The reference implementation sent separately to the OTP team gives an indication of the expected performance improvements compared to e.g. the current regular expression module for searching on lists. Some results are available at the end of this EEP.

Suggested Changes

This EEP suggests the addition of two new modules; one module named binary and one called binary_string.

The EEP also suggests a new regular expression library based on Perl Compatible Regular Expressions (PCRE). The library should be able to operate both on binary_strings and on strings.

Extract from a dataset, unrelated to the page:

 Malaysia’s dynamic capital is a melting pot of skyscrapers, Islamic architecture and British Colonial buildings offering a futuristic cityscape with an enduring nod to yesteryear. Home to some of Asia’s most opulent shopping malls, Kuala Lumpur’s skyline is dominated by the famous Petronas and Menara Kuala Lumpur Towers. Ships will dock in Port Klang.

Finally, the following functions should be added to the erlang module:

binary_to_atom(Binary) -> Atom
atom_to_binary(Atom) -> Binary
binary_to_existing_atom(Binary) -> Atom

Not Included

At the moment the following is not included in the EEP:
- Support for different encodings, e.g. UTF-8
- Changes to the string module

The "binary_string" Module

The binary_string module should be based on the current string module but should operate on strings represented by binaries as opposed to the current strings module which operates on strings represented by lists.

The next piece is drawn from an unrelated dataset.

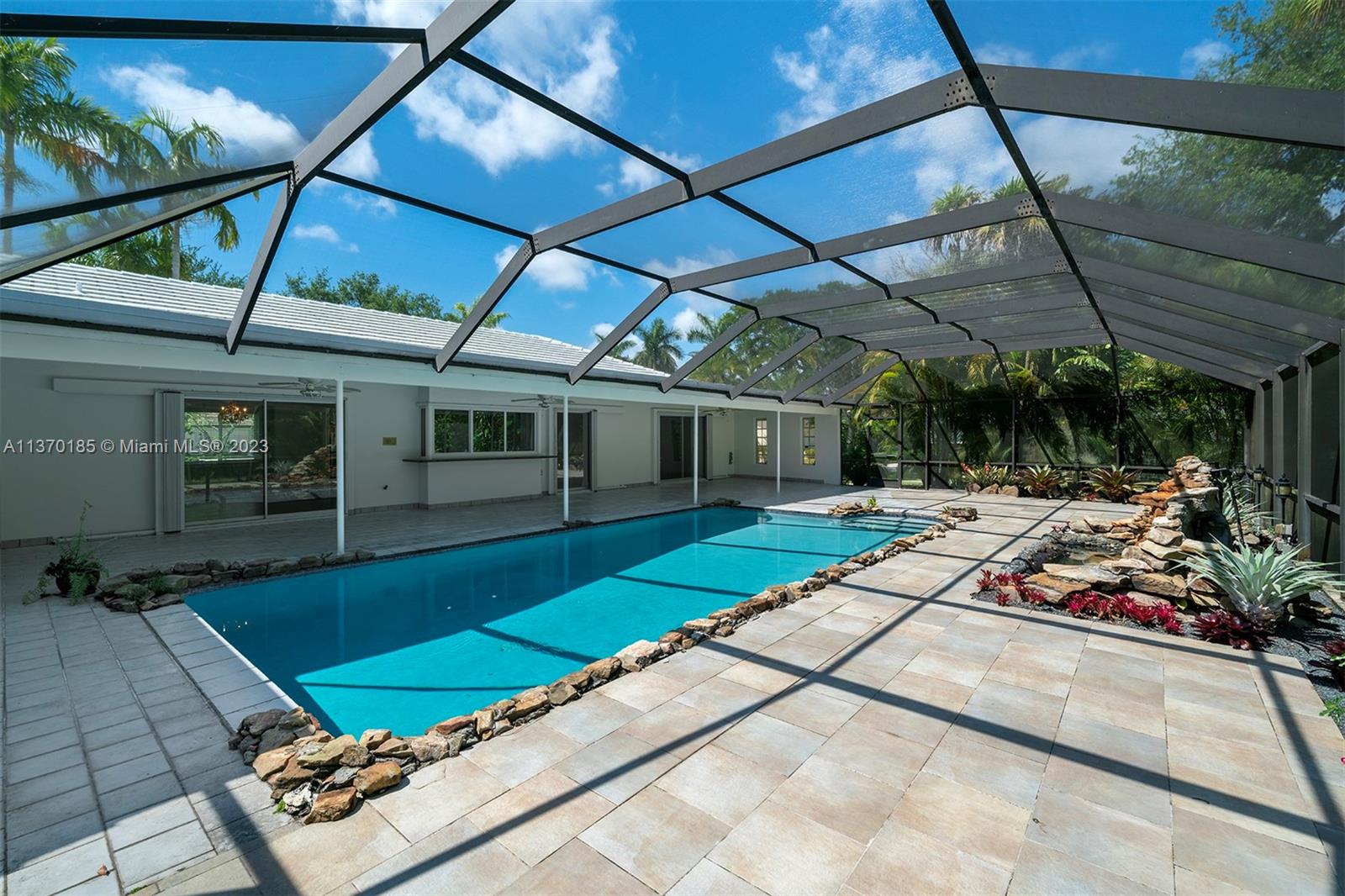 Spacious one-story nestled on a sprawling 17,545 sq.ft lot in North Pinecrest. With 4 bedrooms and 2 and a half bathrooms, this home boasts a bright and airy open floor plan with abundant living space, a gourmet eat-in kitchen with floor-to-ceiling cabinetry, breakfast area, and dining room. The master suite features a walk-in closet and direct access to the pool. Outside, take advantage of the peaceful outdoor haven with a screened covered terrace and swimming pool. Additional features include partial impact windows, home generator, 2-car garage, and elite Pinecrest Schools nearby.

Apart from operating on binaries the interface of binary_string should be the same as for string with the following exceptions:

  1. str/2 and rstr/2 should be modified to optionally take a list of binaries or a MatchSpec such as the one returned by binary:match_compile/2 as second argument. If the Keys argument corresponds to several keys the function should return a tuple indicating the Key that matched and the matching Index, i.e.

    str(Binary, Keys) -> Return
    rstr(Binary, Keys) -> Return
    

    Binary = binary() Keys = Key | [ Key ] | MatchSpec Key = string() | binary() MatchSpec = tuple() as returned by binary:match_compile/1 Return = Index | {NeedleNumber, Index} Index = integer()

    str/rstr should be implemented as built-in functions using efficient algorithms such as Boyer-Moore, Aho-Corasick or similar. Typically the function could be built on binary:match/2.

  2. A new function split should be added. It should behave as tokens/2 but take a list of separator binaries/strings instead of a list of separator characters.

    split(Binary, SplitKeys) -> List
    
    
    Binary = binary()
    SplitKeys = Key | [ Key ] | MatchSpec
    Key = string() | binary()
    MatchSpec = tuple() as returned by binary:match_compile/1
    List = [ binary() ]
    

    Splits Binary into a list of binaries based on matching the pattern specified in the SplitKeys binary.

    Examples:

    binary_string:split(<<"cat and dog">>, <<"and">>). [<<"cat ">>, <<" dog">>]

    > binary_string:split(<<"cat and dog">>, "and").
    [<<"cat ">>, <<" dog">>] 
    
    
    > binary_string:split(<<"cat and dog">>,["a","n",<<"d">>]).
    [<<"c">>,<<"t ">>,<<" ">>,<<"og">>]
    

    The resulting list should be the same as for regexp:split/2 (with the obvious exception for special characters such as "*", ".", "^", etc).

    Please note that the third example should give the same result as binary_string:tokens(<<"cat and dog">>, "and").

  3. The new functions substitute and globally_substitute should be added.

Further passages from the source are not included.